Intrapericardial Delivery of Amiodarone Rapidly Achieves Therapeutic Levels in the Atrium
DOI:
https://doi.org/10.1532/HSF98.2013188Abstract
Background: Amiodarone is widely used worldwide as an important drug for managing supraventricular arrhythmias, regardless of its association with potentially severe side effects due to systemic toxicity. Amiodarone reduces the incidence of atrial fibrillation after cardiac surgery, but oral therapy requires a presurgery loading period, lasting from 1 to 4 weeks. In this study, we showed that it is possible to rapidly obtain therapeutic cardiac tissue levels of the drug by infusing aqueous amiodarone intrapericardially, without appreciable systemic exposure. We also examined the long-term histologic safety of intrapericardial infusion.
Methods: In this observational study, 9 adult sheep, randomized into 3 groups of 3 animals each, were given low (2.5-mg/h), medium (10-mg/h), or high (50-mg/h) dosages of amiodarone by continuous infusion intrapericardially for 72 hours. An intrapericardial drain prevented tamponade from fluid build-up. Levels of amiodarone and its active metabolite, desethylamiodarone (DEA), were assessed both in plasma and in transmural biopsy specimens taken from the left atrial appendage and left and right ventricular myocardium. Cardiac, hepatic, and renal functions were also assessed. Humane euthanization was performed after 3 months, and cardiac and thoracic tissues were assessed for evidence of epicarditis, severe fibrotic changes, or other adverse effects potentially caused by the local amiodarone administration.
Results: Pericardial infusion resulted in rapid uptake and high concentrations of amiodarone and DEA in the myocardial tissues, without an appreciable systemic presence of either drug. The highest and lowest levels of these agents were observed in the left atrium and left ventricle, respectively. Drug concentrations in all cardiac biopsy specimens were similar to, or higher than, those reportedly observed in patients taking long-term oral amiodarone. At 90 days, postmortem microscopic, biochemical, and hematologic evaluation of end-organ tissues from the 8 surviving sheep showed no adverse effects. Excessive inflammation or fibrotic changes were not observed in these 8 sheep. The ninth sheep died prematurely, and its death was deemed not to be related to this study.
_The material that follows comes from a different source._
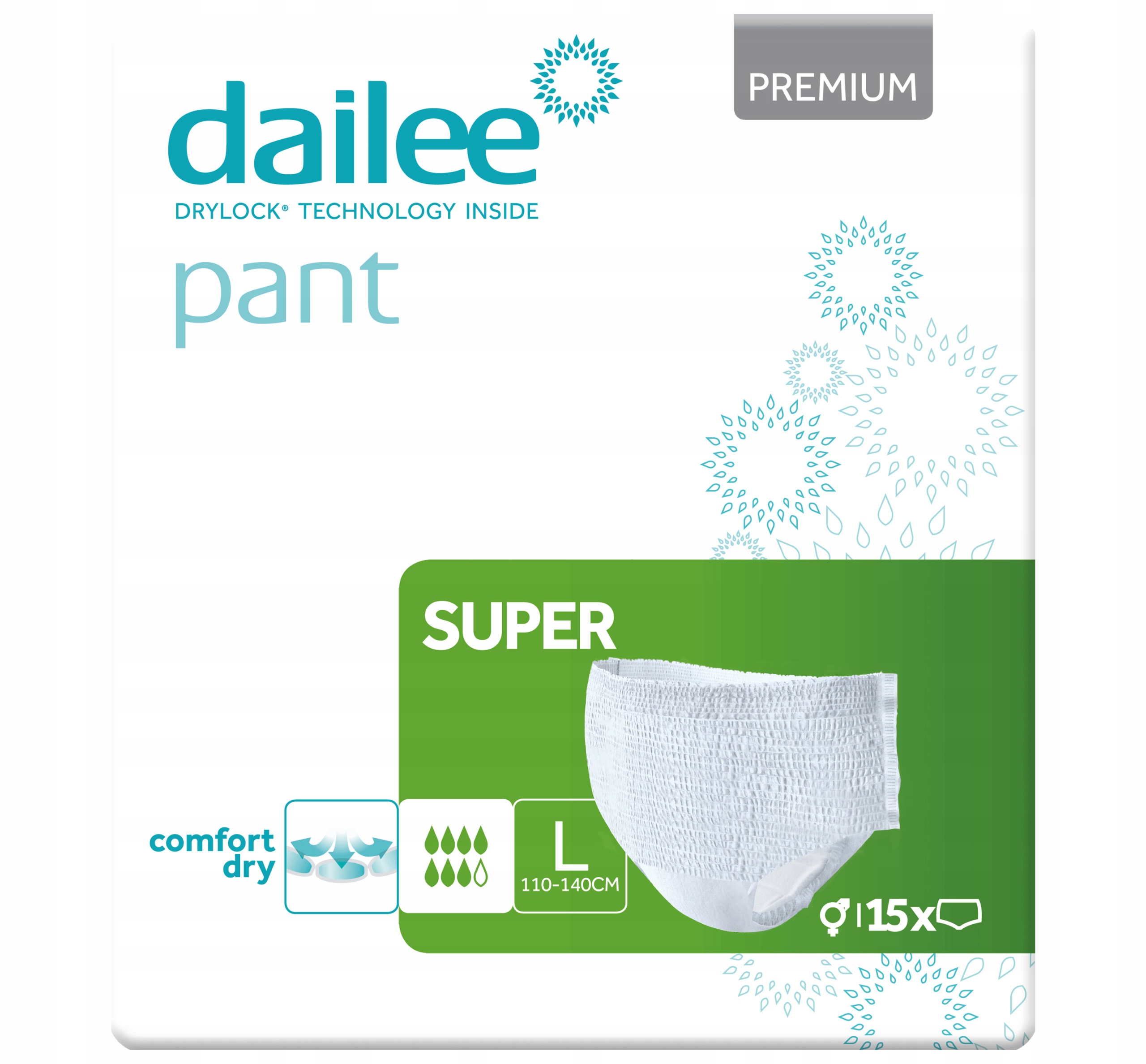 Dailee Pant Premium Super — це натягуючі поглинаючі трусики від бельгійського виробника, призначені для дорослих з важким нетриманням сечі. Поглинаюча здатність цих трусиків становить 7/8 крапель.

Conclusions: Short-term intrapericardial delivery of amiodarone is a safe method for rapidly obtaining therapeutic atrial-tissue drug levels. When begun perioperatively, this method may prevent postoperative atrial fibrillation similarly to oral or intravenous amiodarone therapy. However, we have shown that pericardial administration avoids systemic drug distribution and thus may greatly decrease the systemic complications resulting from this drug.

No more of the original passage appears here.